XML is going to be the major model for sharing data on the WWW. In many cases, organizations will need to store and manipulate XML data. Several researchers have proposed approaches to storing XML in relational databases. In each of these proposals, the XML is stored as a set of relations in the database. In a sense, the problem of storing XML in a relational database can be viewed as the problem of selecting a set of views to store in a database. In this case, the result of the view is a table.

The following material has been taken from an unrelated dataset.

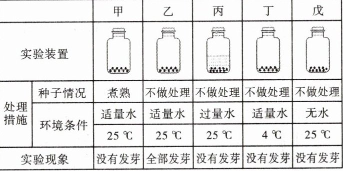 两@@胚根@@根@@解除@@种子@@能否产生种子@@四@@乙和戊@@胚是完整的(或胚是活的、种子不在休眠期等。合理即可)

Build a system that explores this approach. I.e., pose the problem of storing XML as a problem of view selection in data warehouse design. Show that it is more flexible than other approaches and yields better storage forms.

Background reading:

Large scale query server

Database systems usually optimize for the case of large amounts of data and one or few queries. In modern applications (e.g., portals that provide personal pages), the requirement is that there are many queries. Build a system that accepts a large (and possibly changing) number of queries, and is required to update the results of these queries as data streams in. Several technical problems lie here; identify the key ones and propose solutions to them.

Background reading:

Model Management

Bernstein et al. propose a vision for model management systems. Choose one of the problems they describe, and make a first stab at it.

Background reading:

Type-in databases

One of the key problems with database systems is that they require you to define a schema before you can enter any data. Build a system (possibly on top of an existing DBMS) in which you can start typing in your data immediately. The system should help you in organizing your data as you go along, but in a non-intrusive fashion.

This is fresh territory, with little to no background reading. There is a limit of two people working on this.

Description logics and databases

Description logics are knowledge representation formalisms that provide inference capabilities over sets of objects. However, the systems built in the knowledge representation community do not scale up to large number of objects (that has never been the focus). Build a system that provides some of the inferences in a description logic system, but scales up to many objects. This requires you to make a compromise on the expressive power of the logic.

Background reading:

MySQL or PostgresQL

MySQL and PostgresQL are freely available systems for processing SQL queries (including source code). Both have many limitations though. Choose one of these systems and resolve a few of its limitations. Show experimentally that your extensions are robust and scale up.

Some example limitations:

Web sites:

XML Search engine

Build a system that crawls the web for XML files, stores them locally and enables interesting queries on them.

Background reading:

Answering queries using views for XML-QL

The problem of answering queries using views is to reformulate a query posed over a database schema to refer to a set of precomputed views. The problem has been considered for many variants of SQL, but very little for XML query languages. Develop an algorithm for answering queries using views for XML-QL, implement it and show its scalability.

Background reading:

Build a Database management system

Many people have built database management systems, but have you? Design and build such a system from the ground up. This should include a buffer manager, an optimizer, and a runtime component. Clearly the level of sophistication achievable in a single quarter is limited, so there should be an emphasis on a clean, scalable and robust design, rather than on building a commercially competitive system.

Background reading:

Fuzzy Joins for Dirty Data

With the increasing availability and use of data integration systems we are seeing more and more situations where traditional exact-match or range joins do not work. Papers such as William Cohen's in Sigmod 1998 on integration using "Textual Similarity" are starting to appear, with some useful suggestions for ways to deal with some of these issues.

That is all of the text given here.